> **Aim of the exercise**
Leaving out pictures, output exactly the lines below from the one that has "Zondag 16 april: Een" through the one that has "Az ősszel ültettük", and nothing else.

Record excerpts START

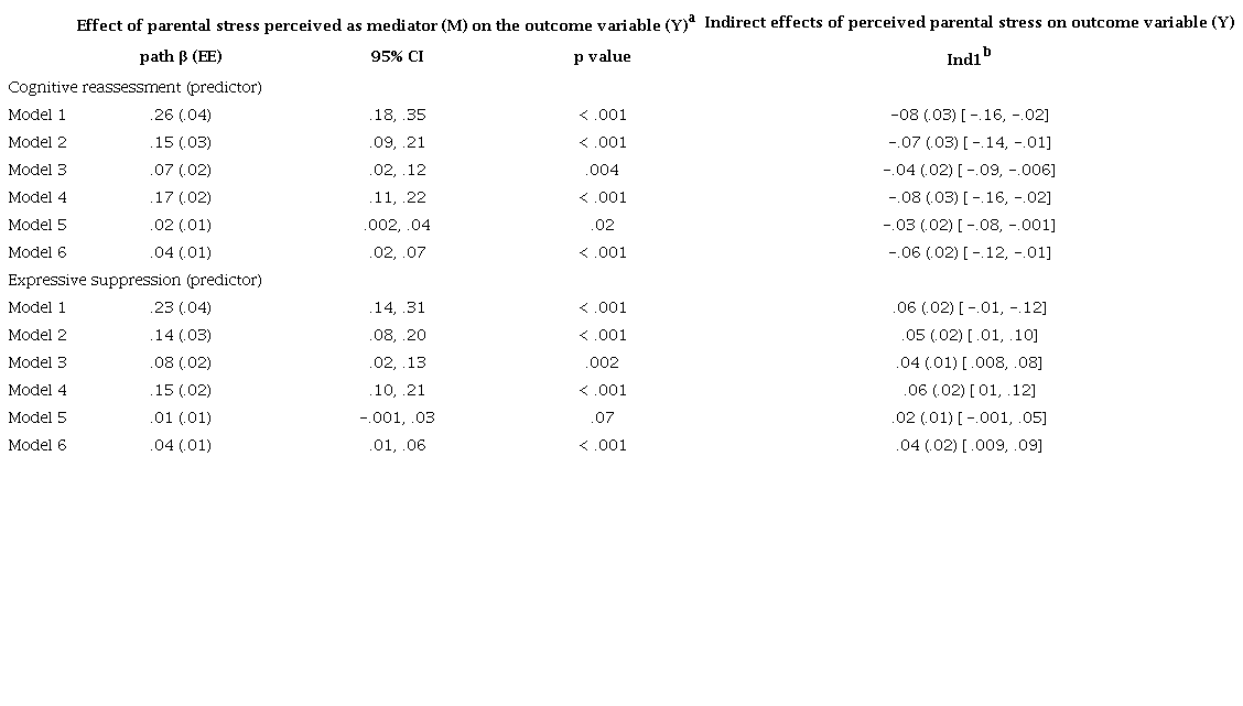 The possible mediating role of parental stress in the relationship between parents’ emotion regulation (cognitive reappraisal and expressive suppression) and their children’s psychological symptoms during the COVID-19 pandemic was studied. There were 12 mediation models estimated, considering two possible predictors (cognitive reappraisal and expressive suppression) and the six psychological symptom factors as outcome variables (anxiety symptoms, mood disturbances, sleep problems, behavioral problems, eating alterations, and cognitive alterations). Perceived parental stress was the mediator (M). Mediation models were estimated with the macro PROCESS v.4.0 (Hayes, 2013; Preacher & Hayes, 2008) for SPSS. The children’s and parents’ ages and the gender of the children and the reporting parent were included as covariates. The asymmetric confidence interval (CI) was based on the bootstrap method with 5,000 repetitions, and the significance criterion was p ≤ .05. The α path shows the relationship between parents’ emotion regulation and perceived parental stress. The β path shows the relationship between perceived parental stress and their children’s psychological symptoms. When zero was not included in the CI of indirect effects, mediation was accepted. Data were analyzed with SPSS v2 7.00 for Windows.
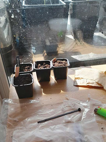 Zondag 16 april: Een mooie dag want alle zaadjes zijn mooi gekiemd… Potjes met biologische zaai- en stekgrond erbij, en planten. Nog een lekkere reggae tune, en even zegenen met de blauwe rookwolk van de net aangestoken splif… Give thanks, Jah Rastafari
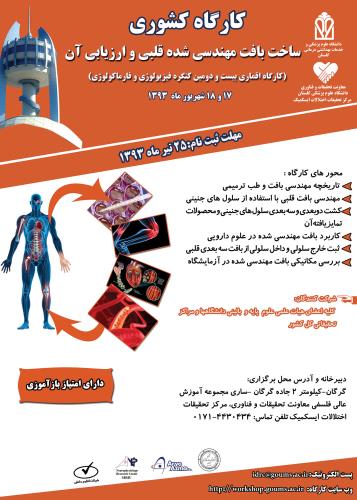 به اطلاع اعضای محترم هیئت علمی و دانشجویان دوره دکتری تخصصی میرساند کارگاه کشوری تولید بافت مهندسی شده قلبی و ارزیابی آن توسط معاونت تحقیقات و فناوری دانشگاه علوم پزشکی گلستان با همکاری استاد مدعو پروفسور الیوت السون "استاد برجسته بیوشیمی و بیوفیزیک مولکولی" از دانشگاه واشنگتن میسوری در تاریخ 18و17 شهریور 1393 در دانشگاه علوم پزشکی و خدمات درمانی استان گلستان برگزار خواهد شد .از افراد علاقمند درخواست می گردد سریعتر برای ثبت نام اقدام و جهت کسب اطلاعات بیشتر و ثبت نام به آدرس اینترنتی www.workshop.goums.ac.ir مراجعه نمایند
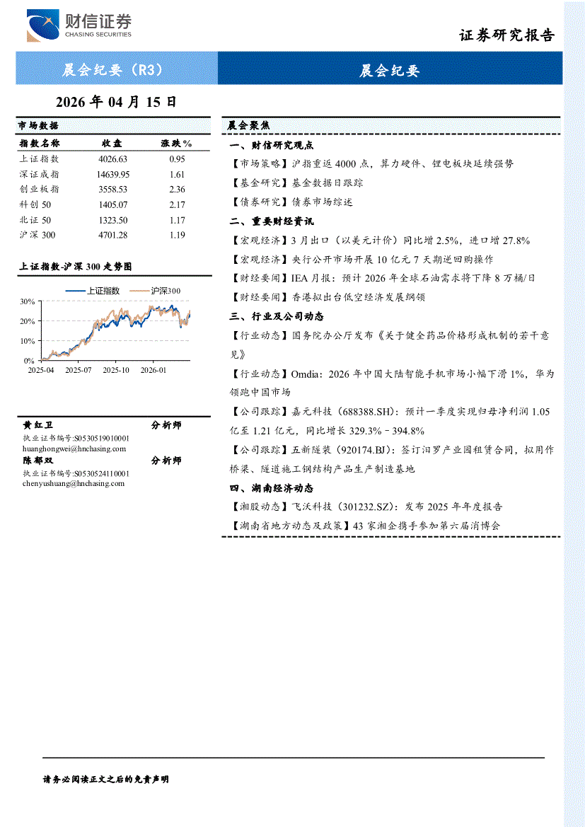 财信证券-晨会纪要-260415
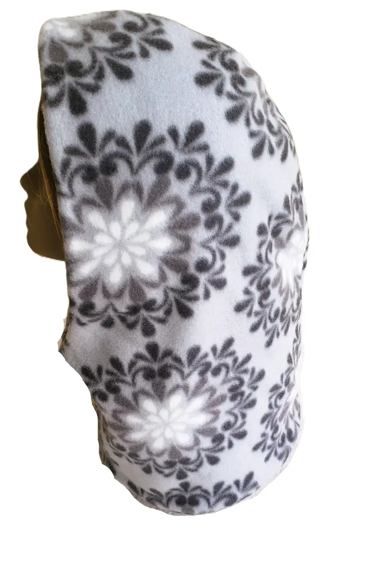 This hood is soft and cozy. It has a very nice pattern. The main color is gray and has a black and white floral medallion design on it. The lining is a coordinating gray. It is made of soft fleece. This will keep your head, neck and ears warm in those cold winter months. This hood is a one size fits all.
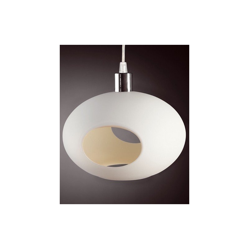 La suspension Ball Up consiste en une sphère de verre évidée et agrémentée de plusieurs ouvertures arrondies. La lumière passe par les ouvertures ménagées vers le bas et sur les côtés.
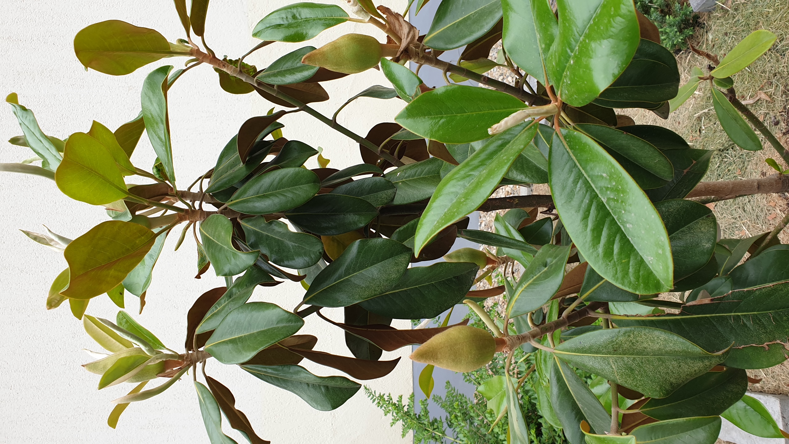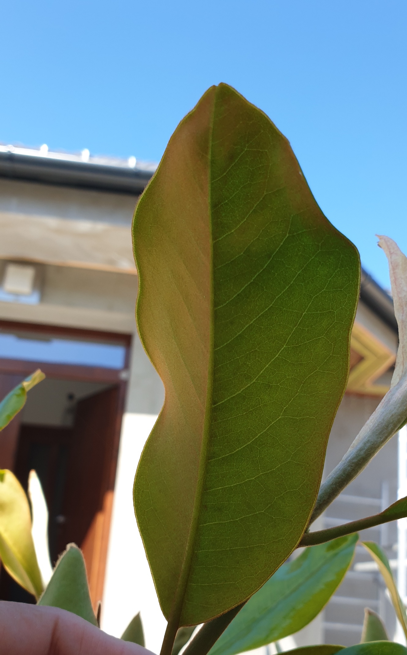 Az ősszel ültettük a mellékelt fotón szereplő örökzöld magnóliát. A fotókon szereplő betegség megfejtésében kérem a segítségét. Lógnak a kis fa levelei, kicsit száraznak "élettelennek" tűnnek, a levélfonákon penészre emlékeztető szürkés elszineződést látok, a levél színe is kezd foltosodni. Friss leveleket hoz. A talaj semleges, ültetéskor savanyú viragfölddel lett keverve a takaró talaj.
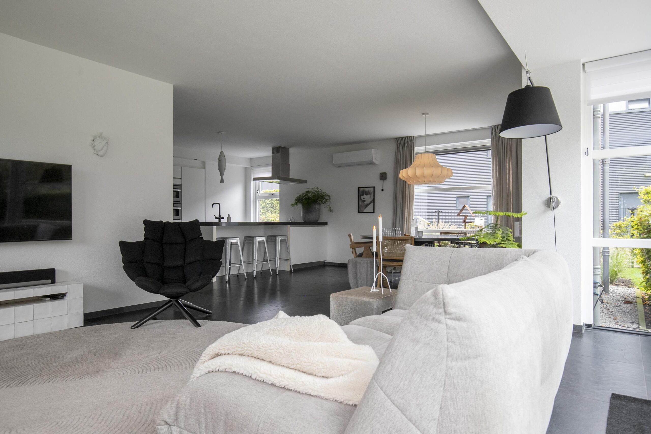 Grenzend aan de keuken ligt de eetkamer, met voldoende plek voor een royale eettafel. Een fijne plek om gezellig te borrelen of uitgebreid te dineren met vrienden en familie. De woonkamer is een heerlijke lichte ruimte, dankzij de grote pui met openslaande deuren naar de tuin. Hier is alle ruimte om te loungen of te ontspannen bij de sfeervolle gashaard. De gehele begane grond is voorzien van vloerverwarming, wat zorgt voor extra comfort en een aangenaam binnenklimaat.

Record excerpts END

> **Expected output**
 Zondag 16 april: Een mooie dag want alle zaadjes zijn mooi gekiemd… Potjes met biologische zaai- en stekgrond erbij, en planten. Nog een lekkere reggae tune, en even zegenen met de blauwe rookwolk van de net aangestoken splif… Give thanks, Jah Rastafari
 به اطلاع اعضای محترم هیئت علمی و دانشجویان دوره دکتری تخصصی میرساند کارگاه کشوری تولید بافت مهندسی شده قلبی و ارزیابی آن توسط معاونت تحقیقات و فناوری دانشگاه علوم پزشکی گلستان با همکاری استاد مدعو پروفسور الیوت السون "استاد برجسته بیوشیمی و بیوفیزیک مولکولی" از دانشگاه واشنگتن میسوری در تاریخ 18و17 شهریور 1393 در دانشگاه علوم پزشکی و خدمات درمانی استان گلستان برگزار خواهد شد .از افراد علاقمند درخواست می گردد سریعتر برای ثبت نام اقدام و جهت کسب اطلاعات بیشتر و ثبت نام به آدرس اینترنتی www.workshop.goums.ac.ir مراجعه نمایند
 财信证券-晨会纪要-260415
 This hood is soft and cozy. It has a very nice pattern. The main color is gray and has a black and white floral medallion design on it. The lining is a coordinating gray. It is made of soft fleece. This will keep your head, neck and ears warm in those cold winter months. This hood is a one size fits all.
 La suspension Ball Up consiste en une sphère de verre évidée et agrémentée de plusieurs ouvertures arrondies. La lumière passe par les ouvertures ménagées vers le bas et sur les côtés.
 Az ősszel ültettük a mellékelt fotón szereplő örökzöld magnóliát. A fotókon szereplő betegség megfejtésében kérem a segítségét. Lógnak a kis fa levelei, kicsit száraznak "élettelennek" tűnnek, a levélfonákon penészre emlékeztető szürkés elszineződést látok, a levél színe is kezd foltosodni. Friss leveleket hoz. A talaj semleges, ültetéskor savanyú viragfölddel lett keverve a takaró talaj.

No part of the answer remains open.